Por isso, só na sociedade mais fraterna, sem a exploração de uma classe sobre a outra, é que se poderá esperar o surgimento de uma moral autentica. Coerente com sua concepção comunista, Marx preconiza que as condições da moral verdadeira só existiriam na sociedade sem Estado, e sem propriedade privada. Para ele, mesmo que a moral diga respeito à esfera pessoal, não há como viver moralmente em um mundo que ainda não tenha instaurado a ordem e a justiça social.

Fica evidente, que Marx é contra a idéia de Kant que é fundada na razão universal, abstrata e tentam encontrar o homem concreto da ação moral. Pois Marx foi um dos primeiros filósofos a falar que o que determina o homem não é a razão e sim a classe social a que ele pertence, para ele a sociedade está supostamente dividida em duas classes sócias: o proletário e o burguês. O proletário é aquele que trabalha e recebe supostamente um “salário” pelo trabalho por ele realizado, já o burguês é aquele que recebe o “lucro” do trabalho realizado pelo proletariado.

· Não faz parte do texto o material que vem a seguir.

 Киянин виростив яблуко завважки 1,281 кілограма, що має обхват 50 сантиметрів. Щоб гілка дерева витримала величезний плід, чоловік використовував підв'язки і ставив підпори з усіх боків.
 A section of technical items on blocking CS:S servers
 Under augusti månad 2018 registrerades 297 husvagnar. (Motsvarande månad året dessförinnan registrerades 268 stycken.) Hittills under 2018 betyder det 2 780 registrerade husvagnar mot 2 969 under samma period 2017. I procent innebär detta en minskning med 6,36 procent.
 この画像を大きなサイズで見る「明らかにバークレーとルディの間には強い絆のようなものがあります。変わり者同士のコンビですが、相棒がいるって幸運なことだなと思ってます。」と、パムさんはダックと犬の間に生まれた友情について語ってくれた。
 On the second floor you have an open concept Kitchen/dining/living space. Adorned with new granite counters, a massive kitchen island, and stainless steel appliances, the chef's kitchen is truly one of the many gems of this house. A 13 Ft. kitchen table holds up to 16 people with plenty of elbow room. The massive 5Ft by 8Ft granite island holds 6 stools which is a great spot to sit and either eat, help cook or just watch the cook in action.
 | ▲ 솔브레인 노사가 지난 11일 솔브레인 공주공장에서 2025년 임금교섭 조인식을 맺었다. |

Mas esse trabalho não é supostamente bem pago ao proletário gerando assim a mais-valia, que adquiria como característica a “exploração” de trabalho por um salário eco (micro salário) em relação ao produto final por eles produzidos.

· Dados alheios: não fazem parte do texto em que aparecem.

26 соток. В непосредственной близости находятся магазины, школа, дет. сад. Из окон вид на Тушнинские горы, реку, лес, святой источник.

Quando Marx enfatiza a idéia que o que determina o home é a sociedade, esta sendo considerado precipitado, pois uma pessoa que não possui condições econômicas bem favorecidas, esta supostamente é julgada como violenta, de mau caráter….  já aqueles que possuem um condição mais favorecida economicamente são considerados pessoas do bem, que já mais irão praticar o mau. De certa forma esse “julgamento” é considerado precipitado, pois uma pessoa pode ser pobre e ter um bom caráter, já à outra pode ser rica e praticar os piores crimes diante da sociedade. Então vale ressaltar, que muitas vezes a classes sociais ao qual a pessoa faz parte, não diz corretamente o seu comportamento diante da sociedade.